START Task input
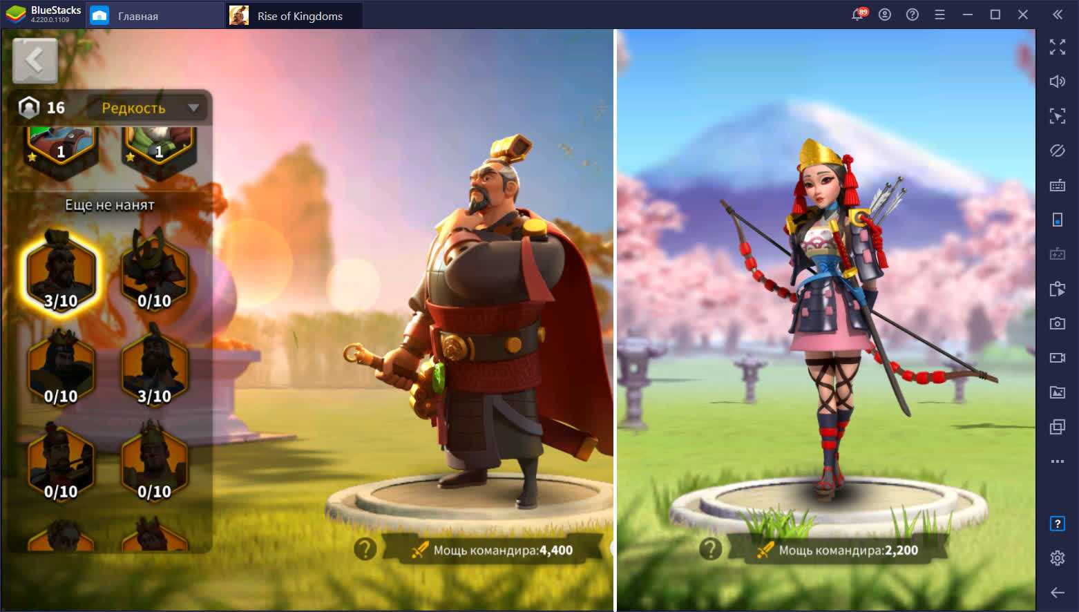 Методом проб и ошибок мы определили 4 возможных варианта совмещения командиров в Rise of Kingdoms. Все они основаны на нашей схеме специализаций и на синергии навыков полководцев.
END Task input
START Task input
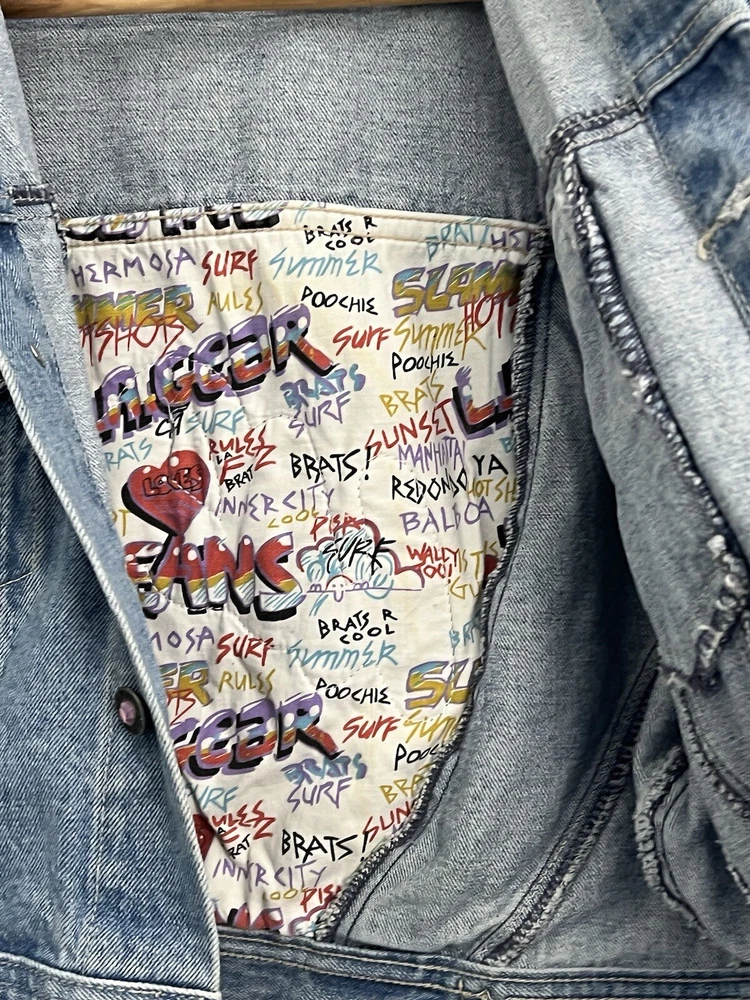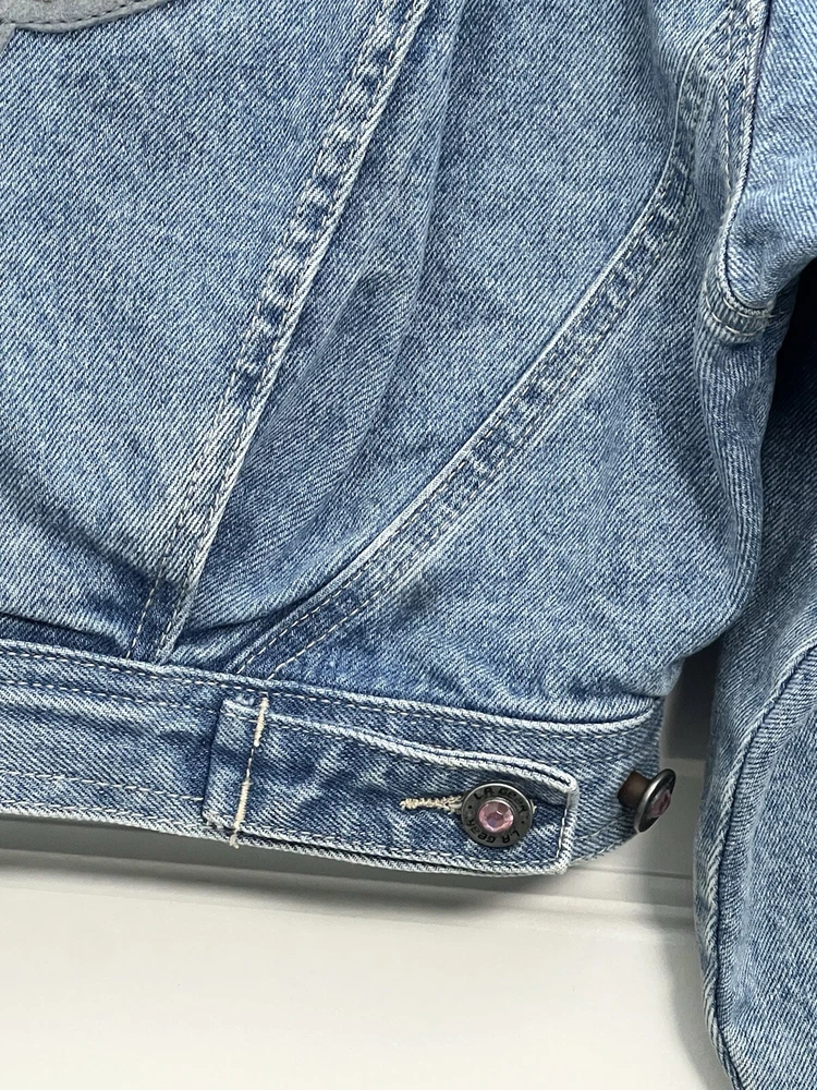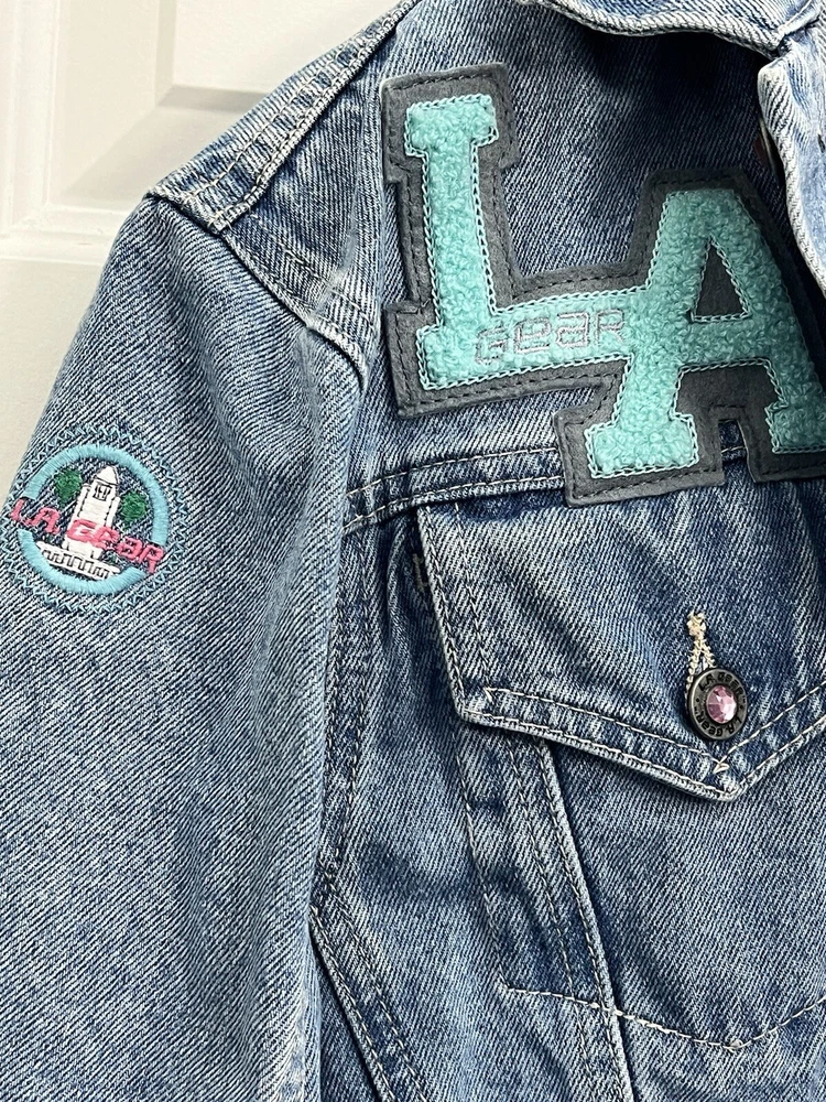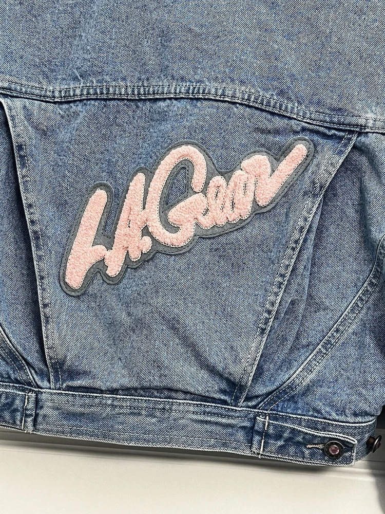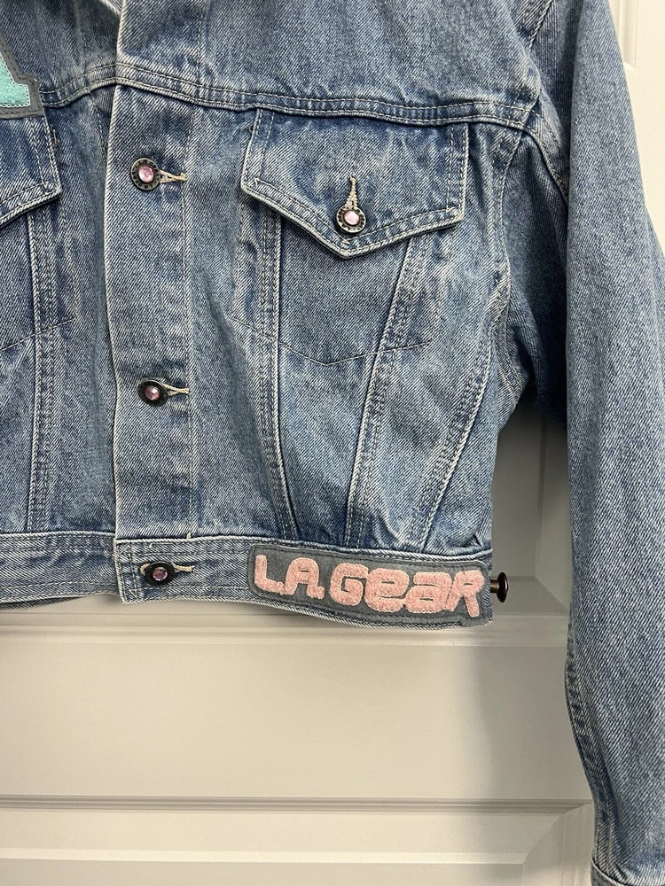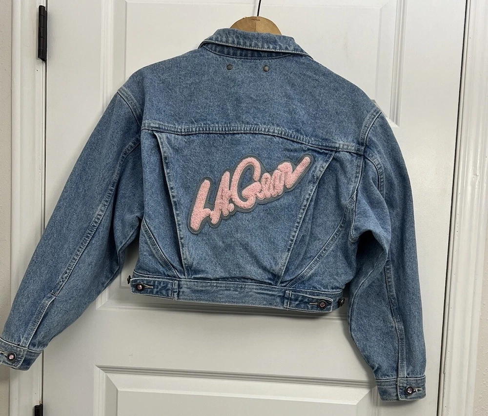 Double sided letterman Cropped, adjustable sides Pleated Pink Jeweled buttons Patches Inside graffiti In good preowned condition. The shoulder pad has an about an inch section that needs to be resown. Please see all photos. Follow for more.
END Task input
START Task input
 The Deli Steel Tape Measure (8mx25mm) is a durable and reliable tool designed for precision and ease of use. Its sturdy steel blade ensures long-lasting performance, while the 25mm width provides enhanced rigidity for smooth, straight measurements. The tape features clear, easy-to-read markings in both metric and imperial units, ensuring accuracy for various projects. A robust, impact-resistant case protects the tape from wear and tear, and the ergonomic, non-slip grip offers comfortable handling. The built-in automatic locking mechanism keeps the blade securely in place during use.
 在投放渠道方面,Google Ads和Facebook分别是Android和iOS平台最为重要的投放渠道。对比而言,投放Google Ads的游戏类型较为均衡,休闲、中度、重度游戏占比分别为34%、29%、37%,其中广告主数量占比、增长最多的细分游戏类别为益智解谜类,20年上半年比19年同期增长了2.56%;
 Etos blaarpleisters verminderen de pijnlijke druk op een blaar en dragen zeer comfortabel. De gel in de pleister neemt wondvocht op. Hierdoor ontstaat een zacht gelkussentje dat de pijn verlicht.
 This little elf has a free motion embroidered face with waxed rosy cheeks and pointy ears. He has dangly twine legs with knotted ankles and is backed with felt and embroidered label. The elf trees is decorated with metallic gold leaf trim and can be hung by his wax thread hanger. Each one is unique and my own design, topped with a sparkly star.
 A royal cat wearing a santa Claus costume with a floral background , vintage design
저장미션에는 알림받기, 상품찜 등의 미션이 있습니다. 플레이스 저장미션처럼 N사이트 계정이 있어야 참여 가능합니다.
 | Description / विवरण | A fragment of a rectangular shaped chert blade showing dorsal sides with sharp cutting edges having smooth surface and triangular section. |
END Task input
Exercise description: Track down every line in the entries that includes the string "with", and copy it.

Solution to this problem:
 This little elf has a free motion embroidered face with waxed rosy cheeks and pointy ears. He has dangly twine legs with knotted ankles and is backed with felt and embroidered label. The elf trees is decorated with metallic gold leaf trim and can be hung by his wax thread hanger. Each one is unique and my own design, topped with a sparkly star.
 A royal cat wearing a santa Claus costume with a floral background , vintage design
 | Description / विवरण | A fragment of a rectangular shaped chert blade showing dorsal sides with sharp cutting edges having smooth surface and triangular section. |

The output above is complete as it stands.